Угрюмый Перун вздохнул и медленно начал подниматься. В комнате сразу запахло озоном, будто после летней грозы, и Сереге даже показалось, что между розеткой и выключателем проскочила тонкая серебристая змейка электрического разряда.
Возень ухватил Перуна за подол холщовой рубахи и тихо произнес:
– Сиди. Нельзя нам ввязываться, парень может пострадать.
Перун заскрипел зубами, но сел на прежнее место, продолжая метать молнии, правда, только глазами.
– Документов нет, – весело сказал Ярило. – Дома забыли.
– Так, – произнес лейтенант не менее радостно. – Нарушаете.

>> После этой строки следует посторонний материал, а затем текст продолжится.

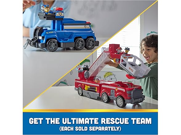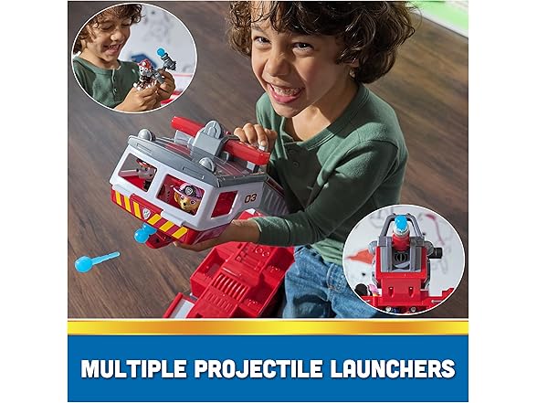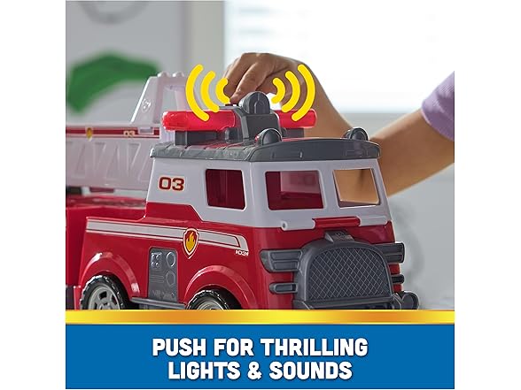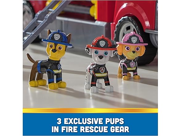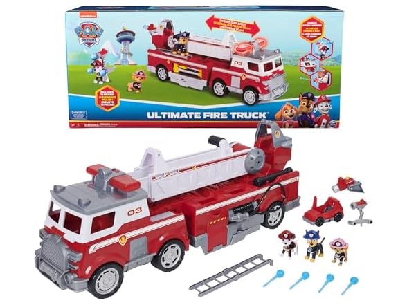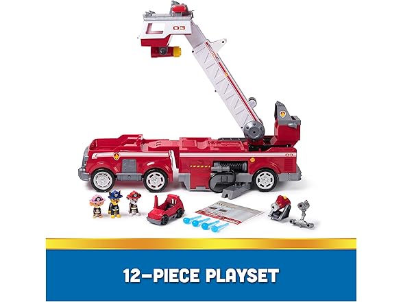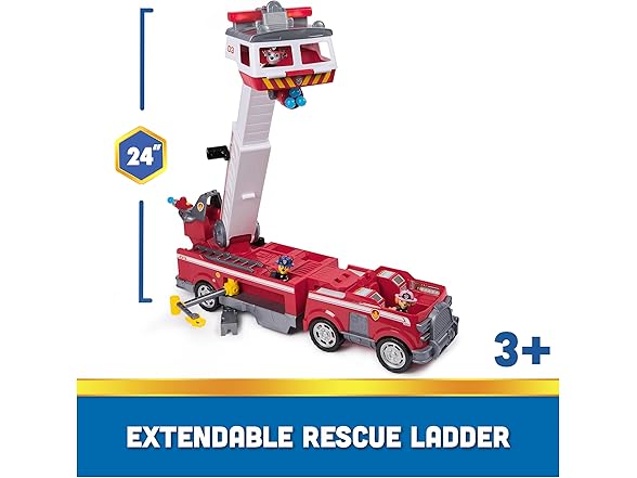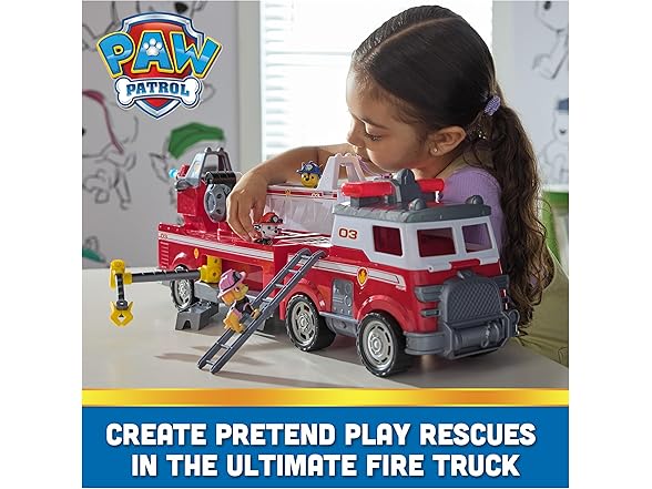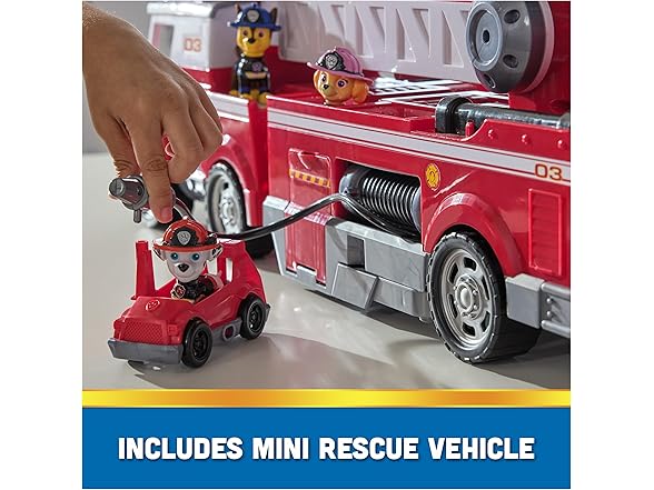 - FIRE TRUCK TOY: Marshall’s Ultimate Rescue Firetruck includes a 2 ft. ladder, a mini fire cart, a working claw arm & a retractable fire hose. Set features everything you need for thrilling adventures

– А мы что, обязаны паспорта с собой таскать? – с вызовом спросил Даждьбог.
– Нет. Но вы незаконным путем проникли в общежитие. Вот гражданочка утверждает…
– Мало ли что она утверждает, – хмыкнул Ярило. – Вы на нас посмотрите. Могли ли мы по пожарной лестнице сюда взобраться?
Спотыкайло задумчиво сдвинул форменную фуражку на нос и почесал затылок. Затем, так и не решив столь сложную задачу, повернулся к тете Соне и сказал:
– А?
– Что, а? Что, а? Я с места не схадила, Христом бого…
– Не поминай окаянного! – разом гаркнули старцы.
– Та-ак, – протянул сержант. – В бога, значит, не верите. Понятненько. Небось еще в гражданскую храмы с землей ровняли? А может, и того хуже…
А потом, резко ткнув пальцем в плечо Даждьбогу, заорал:
– Сатанисты?! Из какой секты? Быстро! Отвечать! Не думать!
– Что ж ты, паря, резкий как понос, – покосился на него Даждьбог. – Не надо. Не люблю я резких движений. Успокойся, сядь, поговорим по человечески, ежели надобно.
– Молчать! И отвечать на вопросы!
– Как же он будет молчать и отвечать, – попытался заступиться за бога Бубенцов.
– Не твоего ума дело, сопляк. Понял?
– Слушай, парень, я тебя предупреждаю, – скосоротился бог Солнца. – Охолонь.
– Угрозы! Да?
– Какие ж тут угрозы? Предупреждение простое.
– А начхать мне на твои предупреждения!
– Игорь вот тоже чихал, да все войско у половцев и уложил.
Из под кровати послышался сдавленный смешок, весьма напоминающий мяуканье.
– Еще и кошку притащили, – мстительно пожаловалась тетя Соня.
Но сержанту было не до нее.
– Какой еще Игорь, кого уложил? – не понял он.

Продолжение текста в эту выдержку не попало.